Daher ändert sich im Pufferbereich der pH-Wert nicht.
Bei OH(-)-Ionen ist deren Konzentration direkt für den pH-Wert (pH = -log c(H3O+)) verantwortlich.

Vampy

Hallo Gerd

Nein zusätzliche Verwirrung nicht. Im Prinzip verstehe ich die
Ausführungen. Wenn ich aber wie oben einen pH-Wert von 8
simulieren möchte und dazu NaOH verwende müsste das doch
ähnlich reagieren wie weiches Wasser oder ?

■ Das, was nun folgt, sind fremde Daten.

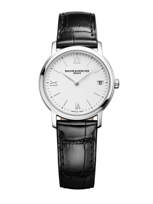 极致永恒的腕间臻品,这只直径33毫米的抛光精钢腕表搭配哑面白色表盘,结合罗马数字与纤细拉长的时标,展现出绝妙的平衡美感,质朴中彰显隽永。该款腕表的尺寸最适合都会精英日常佩戴,简洁低调的设计只呈现最精髓的极简之美;内置瑞士制造的石英机芯,提供小时及日期显示。设计精巧又不失男子气概,本腕表搭配经典的亮面黑色鳄鱼皮表带及针式表扣,适合于任何场合佩戴,尽显尊贵气质。经典简洁的腕表素来是父辈们所亲睐的风格,而沉稳精致的设计更透露出成熟男士们独树一帜的品味。
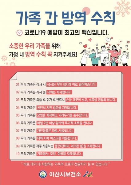 [충청뉴스큐] 아산시가 코로나19 가족 간 감염 증가에 따라 시민들이 가정에서 지킬 수 있는 방역 수칙 홍보에 나섰다.

Nein, warum? Weiches Wasser enthält wenig (Erdalkali- bzw. Carbonat-) Ionen, hartes Wasser enthält viele Ionen - so ist die Definition. Man kann die Konzentrationen nicht durch Zugabe von weiteren Ionen senken. Ausnahmen sind Substanzen die Metallionen ausfällen oder komplexieren oder bei gravierenden pH-Änderungen (z. B. zu stark sauer, wobei Carbonat zu Kohlensäure protoniert wird).

Also die H±Ionen
bei der Säurezulage müssten durch die OH Ionen gepuffert
werden…

Ja, aber die H+ Ionen haber nichts mit der Härte zu tun. Verwechsle nicht Härte mit pH-Wert! Stark saure Lösungen können hohe GH haben und stark basische Lösungen (z.B. reine NaOH) können KH = 0 aufweisen!

Grüsse,
Bernd

Hallo Vampy,

WEnn Du das weiche Wasser mit NaOH simulierst, hast Du da
nichts, was puffert.

Soweit ich das verstanden habe, versucht Gerd, Leitungswasser mit NaOH zu enthärten (warum das meiner Ansicht nach nicht sinnvoll ist, habe ich schon unten geschrieben), also Leitungswasser + NaOH. Dabei puffern natürlich die Hydrogencarbonat-Ionen im Wasser.

Bernd

Hallo Gerd

Tolle Ausführung danke. Ja fast verstehe ich es. Ich brauche
extrem minimale Mengen an Säure um den pH von 8 auf 7,1 zu
bringen. Aber wenn ich einen pH Wert von 8 habe in einem
Wasser da sind doch darin Ionen gelöst die H±Ionen puffern
bzw. mit den H+ Iionen reagieren. Dann brauche ich doch mehr
säure um von 8 auf 7,1 zu kommen.

Das alles stimmt meiner Meinung nach und ich denke darum, dass entweder Paul oder ich die „Bereitung“ des Wassers mit pH = 8 falsch gedeutet haben. Was ich immer noch nicht verstehe ist, wie NaOH-Zugabe das Wasser enthärten soll - außer dass sich weiches Wasser und stark verdünnte NaOH ähnlich anfühlen.
Zudem müsste eigentlich berücksichtigt werden, dass Ameisensäure eine ziemlich schwache Säure ist. Außer für die Endkonzentration halte ich den „Fehler“ aber für bedeutungslos.